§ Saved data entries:

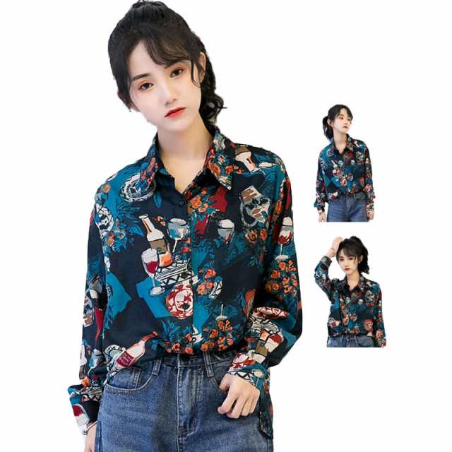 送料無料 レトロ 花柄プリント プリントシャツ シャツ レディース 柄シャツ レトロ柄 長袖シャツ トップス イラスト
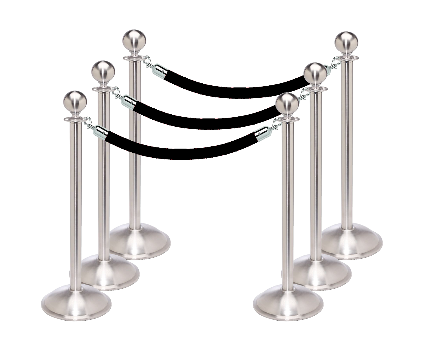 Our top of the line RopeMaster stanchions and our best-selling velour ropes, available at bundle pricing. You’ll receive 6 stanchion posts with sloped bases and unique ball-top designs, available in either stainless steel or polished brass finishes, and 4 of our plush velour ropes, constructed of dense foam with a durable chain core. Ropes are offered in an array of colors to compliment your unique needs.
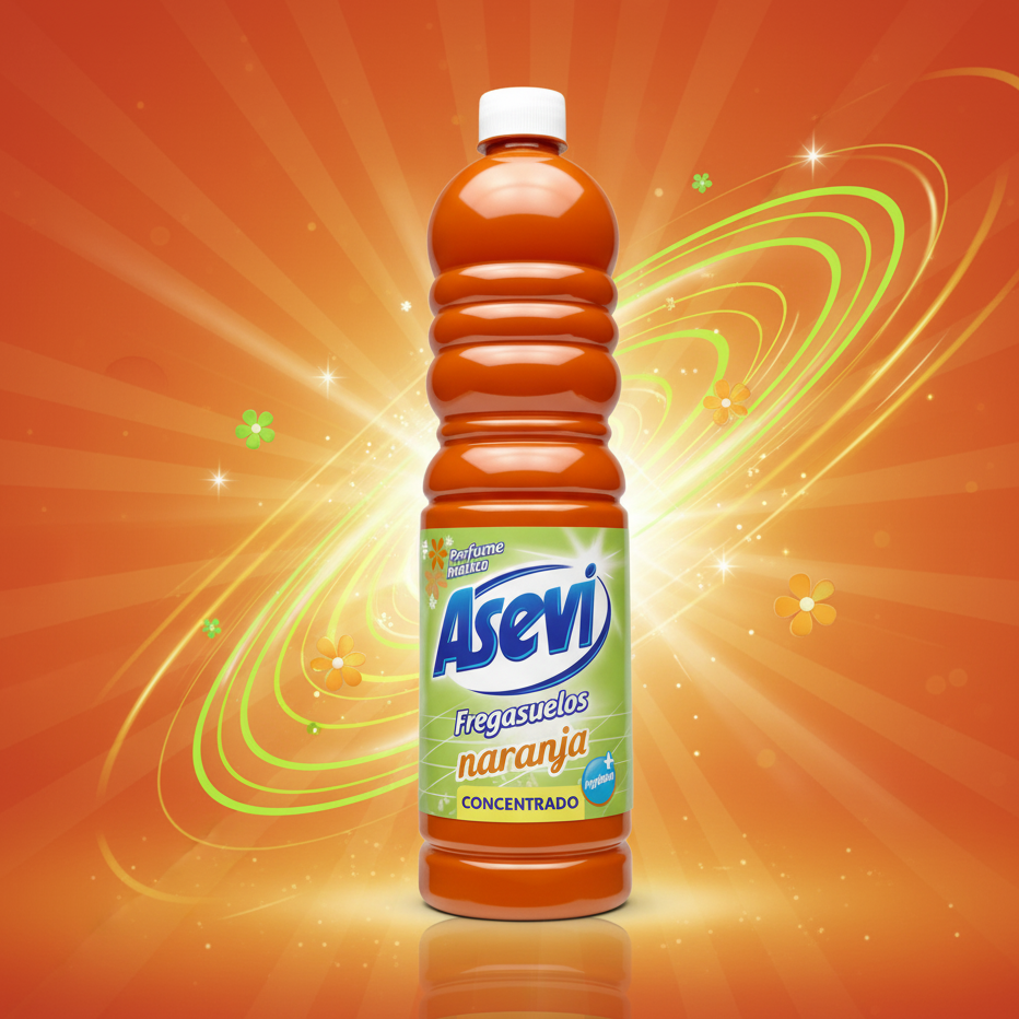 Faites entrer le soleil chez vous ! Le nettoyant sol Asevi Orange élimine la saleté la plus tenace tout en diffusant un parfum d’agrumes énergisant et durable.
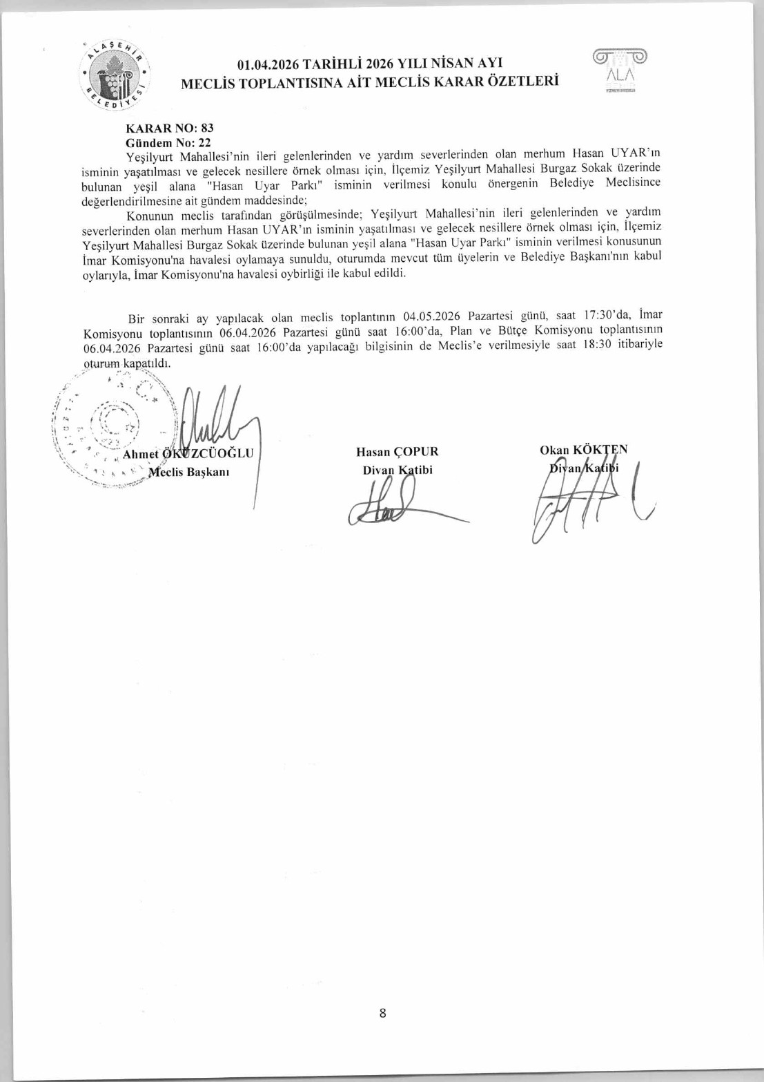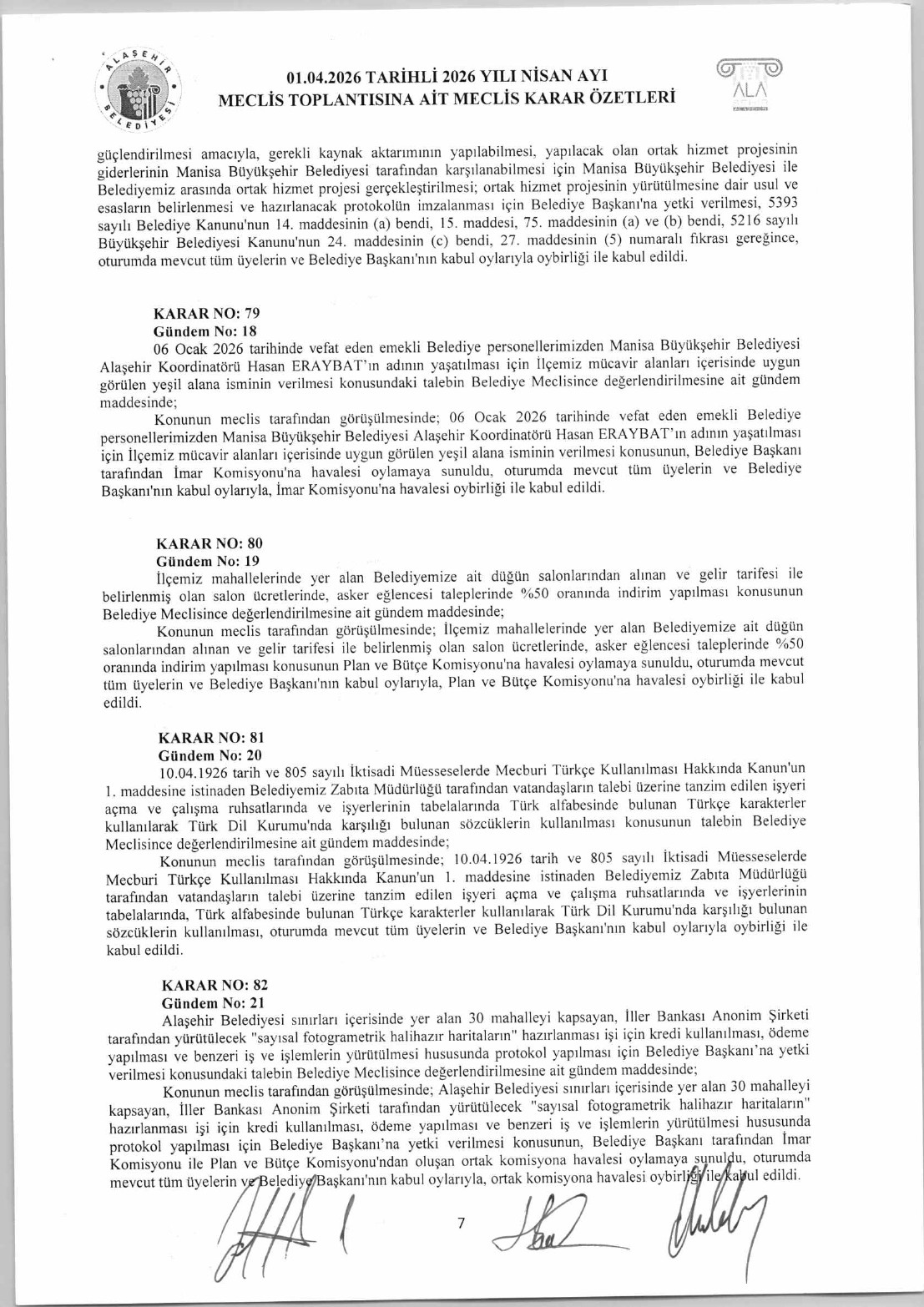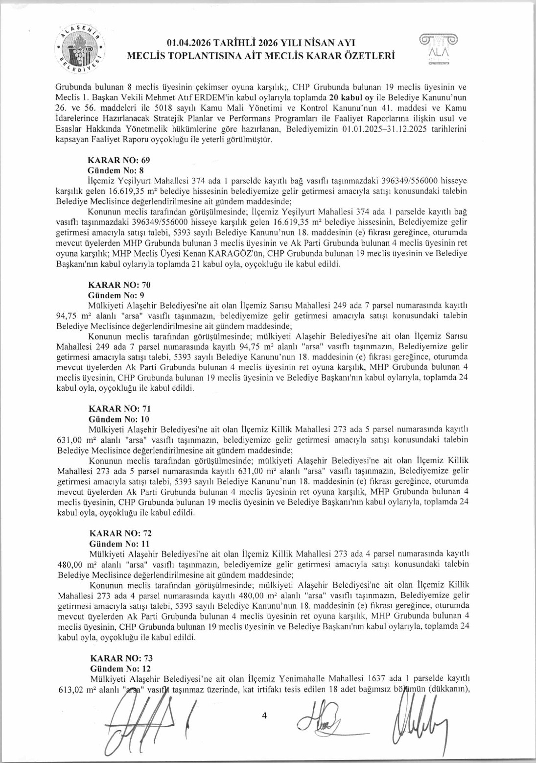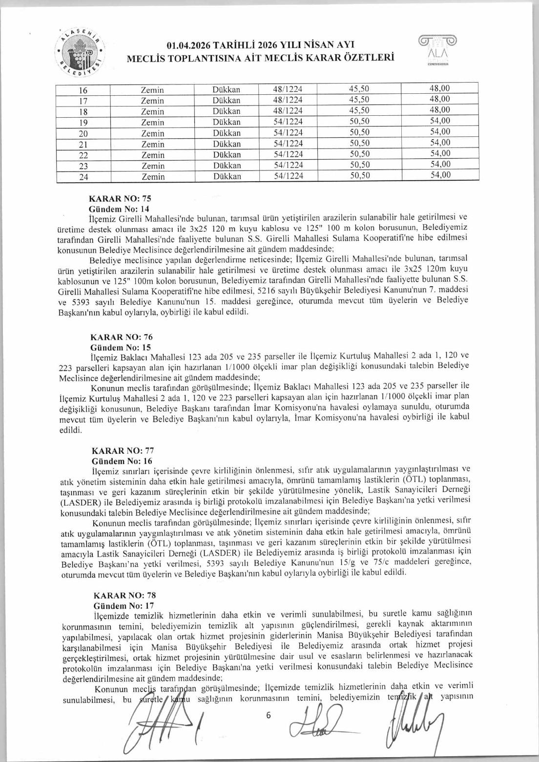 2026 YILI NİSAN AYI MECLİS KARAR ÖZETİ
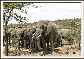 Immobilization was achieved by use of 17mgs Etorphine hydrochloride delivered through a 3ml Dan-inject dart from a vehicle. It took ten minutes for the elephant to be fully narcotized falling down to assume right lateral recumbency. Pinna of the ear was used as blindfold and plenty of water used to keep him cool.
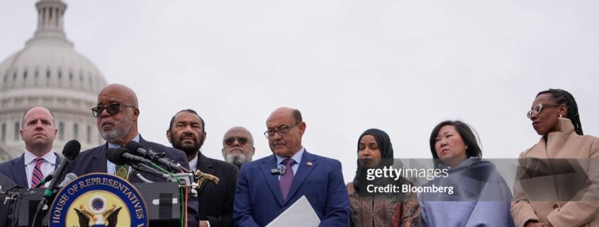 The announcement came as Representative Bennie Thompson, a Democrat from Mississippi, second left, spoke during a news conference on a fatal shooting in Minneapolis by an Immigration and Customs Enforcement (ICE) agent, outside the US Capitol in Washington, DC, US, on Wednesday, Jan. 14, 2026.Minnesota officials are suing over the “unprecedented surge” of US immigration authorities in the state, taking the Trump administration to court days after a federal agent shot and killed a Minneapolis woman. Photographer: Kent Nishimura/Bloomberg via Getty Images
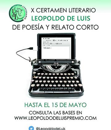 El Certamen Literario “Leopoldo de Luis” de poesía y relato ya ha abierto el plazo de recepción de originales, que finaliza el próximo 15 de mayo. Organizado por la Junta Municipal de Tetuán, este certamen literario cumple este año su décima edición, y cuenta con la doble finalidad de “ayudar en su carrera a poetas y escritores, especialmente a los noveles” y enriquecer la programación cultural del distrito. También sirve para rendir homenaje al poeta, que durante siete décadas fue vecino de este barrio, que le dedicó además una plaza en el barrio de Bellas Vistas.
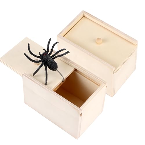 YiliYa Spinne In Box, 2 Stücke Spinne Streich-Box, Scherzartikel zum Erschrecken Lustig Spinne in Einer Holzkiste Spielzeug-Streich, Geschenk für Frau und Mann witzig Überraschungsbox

§ REQUIREMENT: The response should consist of the lines above from the first through the one containing "The announcement came", transcribed exactly, with every picture left out.

§ ANSWER SPACE:
 送料無料 レトロ 花柄プリント プリントシャツ シャツ レディース 柄シャツ レトロ柄 長袖シャツ トップス イラスト
 Our top of the line RopeMaster stanchions and our best-selling velour ropes, available at bundle pricing. You’ll receive 6 stanchion posts with sloped bases and unique ball-top designs, available in either stainless steel or polished brass finishes, and 4 of our plush velour ropes, constructed of dense foam with a durable chain core. Ropes are offered in an array of colors to compliment your unique needs.
 Faites entrer le soleil chez vous ! Le nettoyant sol Asevi Orange élimine la saleté la plus tenace tout en diffusant un parfum d’agrumes énergisant et durable.
 2026 YILI NİSAN AYI MECLİS KARAR ÖZETİ
 Immobilization was achieved by use of 17mgs Etorphine hydrochloride delivered through a 3ml Dan-inject dart from a vehicle. It took ten minutes for the elephant to be fully narcotized falling down to assume right lateral recumbency. Pinna of the ear was used as blindfold and plenty of water used to keep him cool.
 The announcement came as Representative Bennie Thompson, a Democrat from Mississippi, second left, spoke during a news conference on a fatal shooting in Minneapolis by an Immigration and Customs Enforcement (ICE) agent, outside the US Capitol in Washington, DC, US, on Wednesday, Jan. 14, 2026.Minnesota officials are suing over the “unprecedented surge” of US immigration authorities in the state, taking the Trump administration to court days after a federal agent shot and killed a Minneapolis woman. Photographer: Kent Nishimura/Bloomberg via Getty Images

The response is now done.